Note: If you decide to revert to 9.x and don't have a backup of the worker's PV, you won't be able to use the old PV as GraphDB 10's repositories and settings aren't backward compatible. Your best course of action would be to make sure it will provision a new clean PV, scale the replica back from 0, recreate the worker repositories and reconnect them to the old master repositories letting GraphDB replicate the data.
The Helm chart includes an example repository configuration TTLs.
To install the GraphDB on graphdb.local
:
helm install --set deployment.host=graphdb.local graphdb .

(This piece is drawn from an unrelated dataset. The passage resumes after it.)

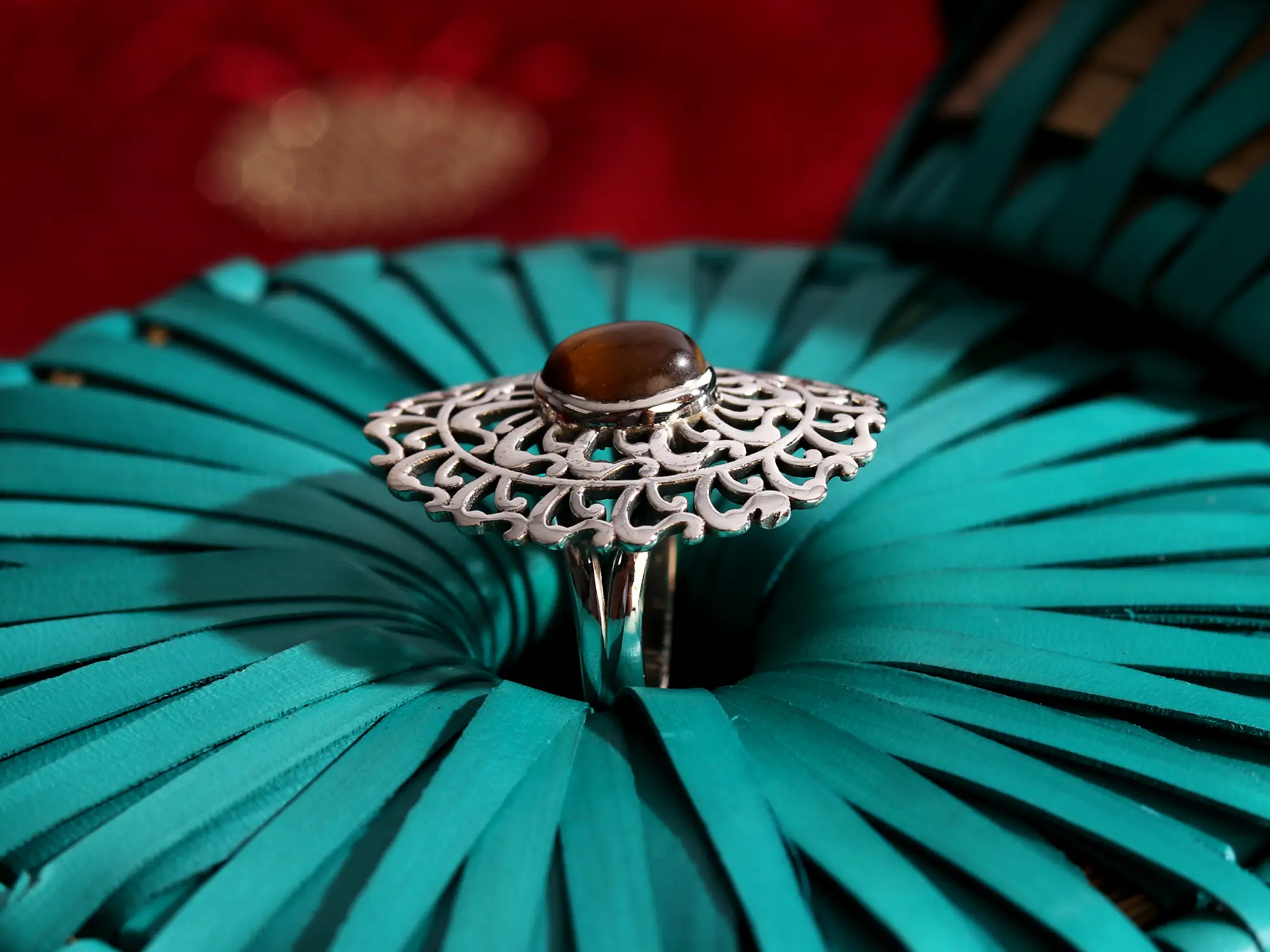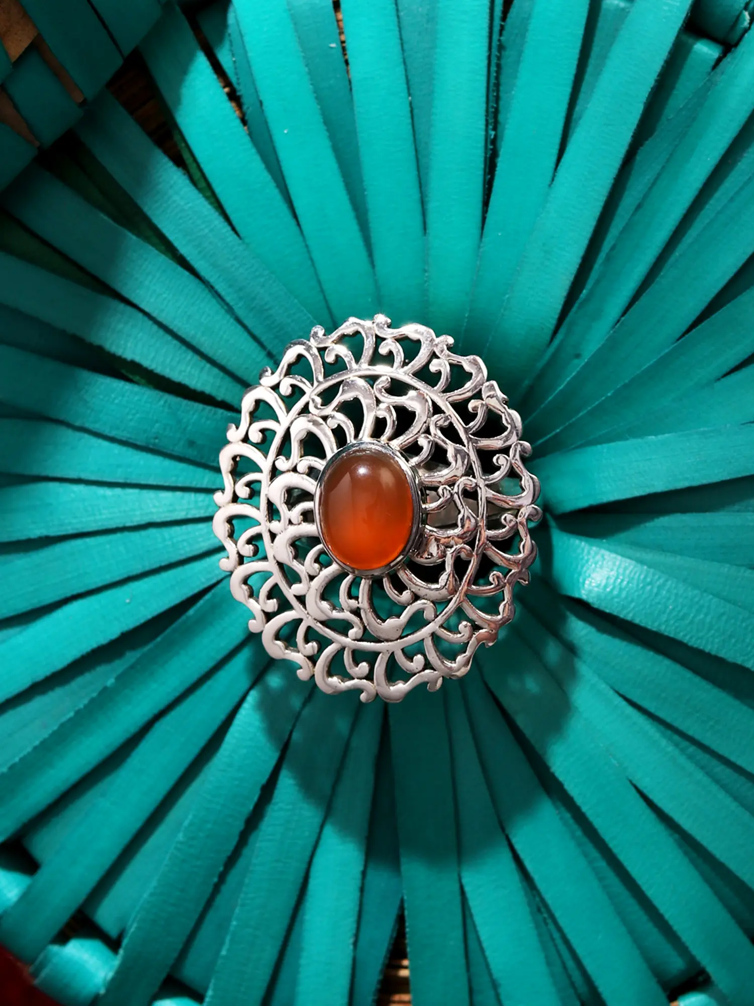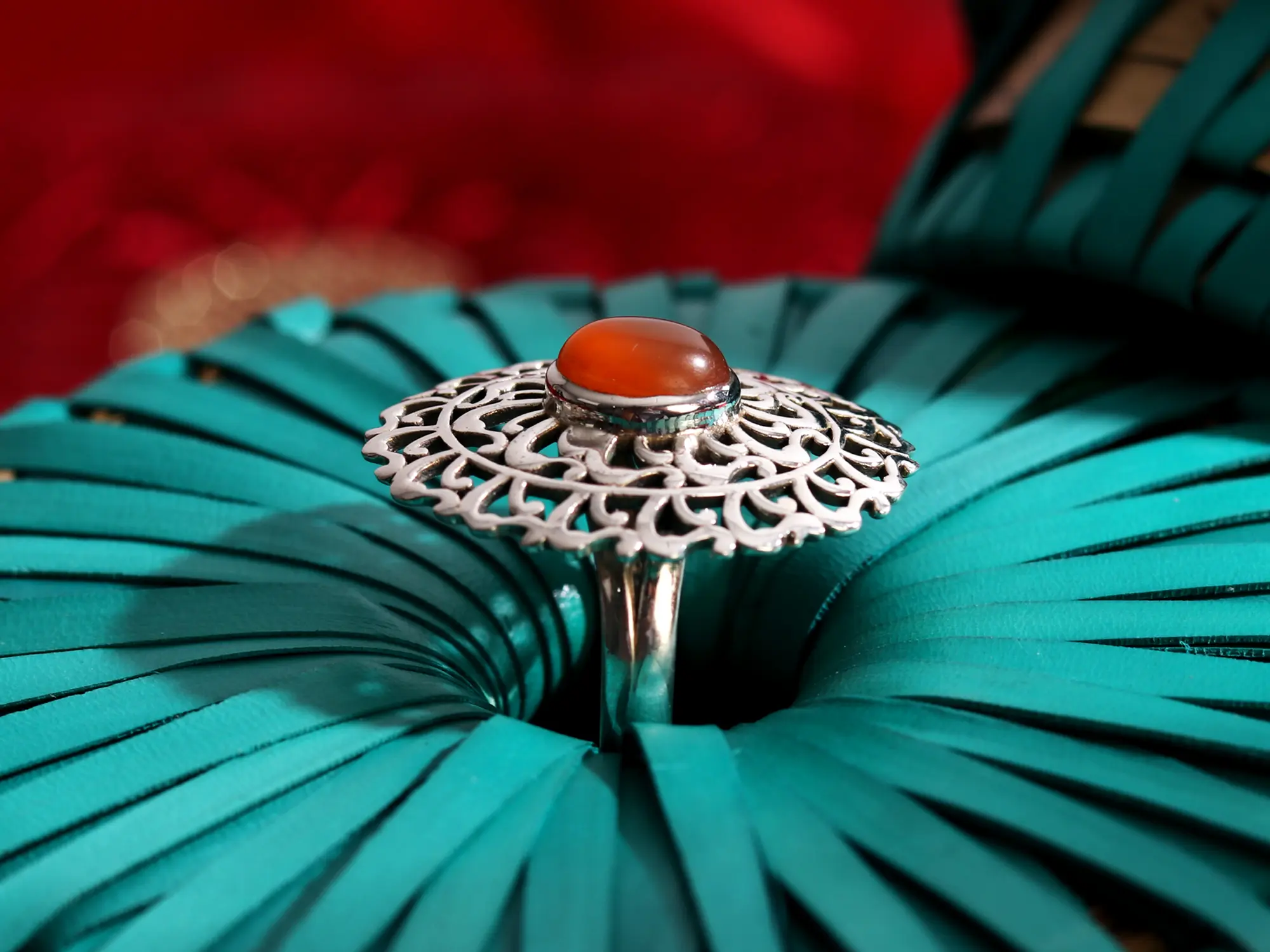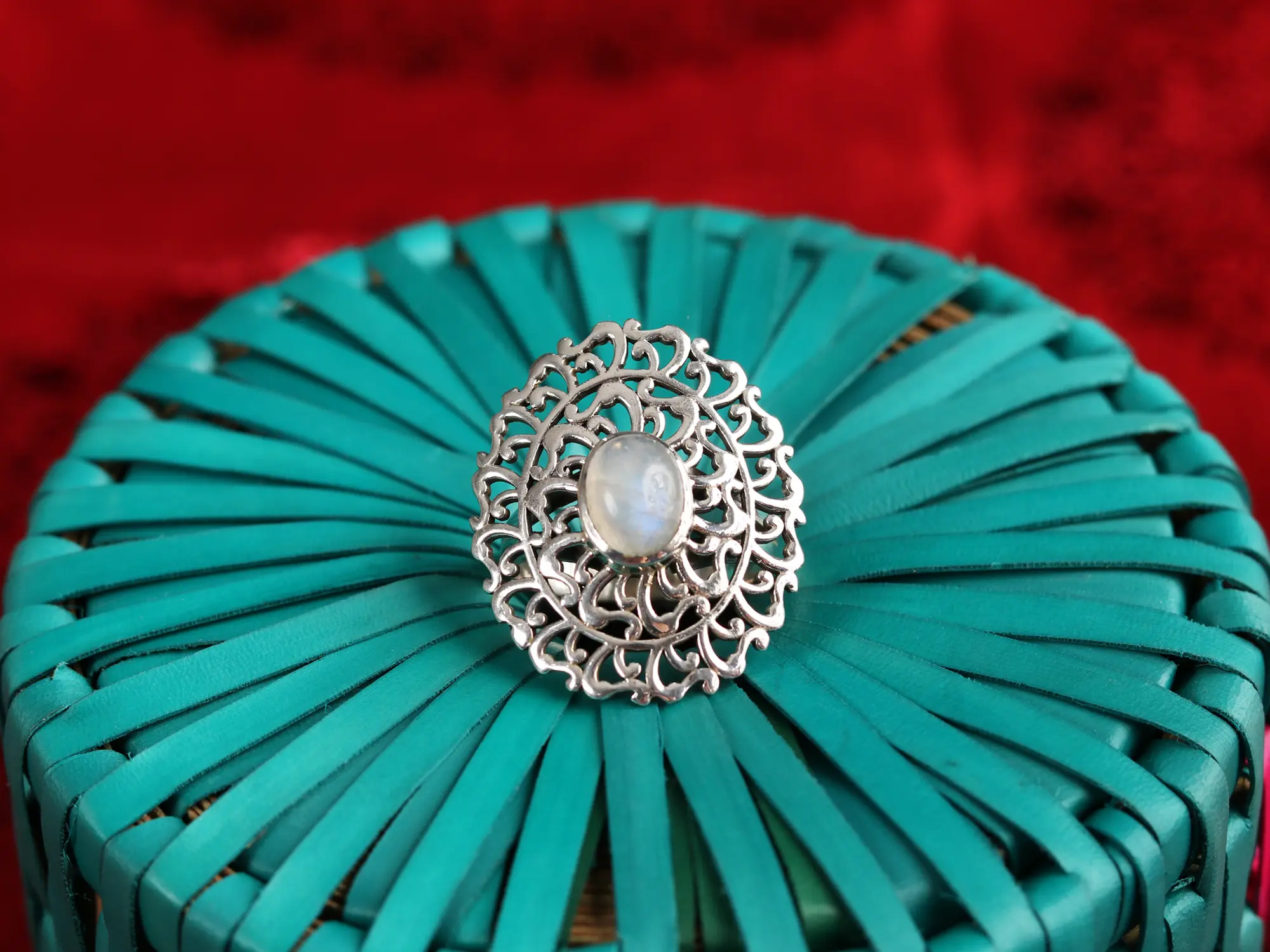 This Oval Stone Sterling Silver Ring is an exquisite fusion of artistry and elegance. At its heart lies a mesmerizing blue stone, exuding a tranquil allure. The sterling silver setting is adorned with lines that elegantly emerge like sunrays, encircling the stone with a celestial grace. This thoughtful design creates a harmonious blend of nature-inspired aesthetics and contemporary style. This bright jewelry is a testament to the age-old traditions of Shringar and allows the beholder to delve into the boundless options of jewelry.

After a few seconds, Helm will print out the result from installing GraphDB. You should see the following output:
-------------------------------------------------------------------------------
____ _ ____ ____
/ ___|_ __ __ _ _ __ | |__ | _ \| __ )
| | _| '__/ _` | '_ \| '_ \| | | | _ \
| |_| | | | (_| | |_) | | | | |_| | |_) |
\____|_| \__,_| .__/|_| |_|____/|____/
|_|
-------------------------------------------------------------------------------
version: 10.0.0
GDB cluster: true
** Please be patient while the chart is being deployed and services are available **
You can check their status with kubectl get pods
Endpoints:
* GraphDB workbench: http://graphdb.local/graphdb
By default, the Helm chart is deploying persistent volumes that store data on the host path. This is useful for local Minikube deployments. However, in a cloud environment with multiple node cluster this would lead to rescheduling and data loss.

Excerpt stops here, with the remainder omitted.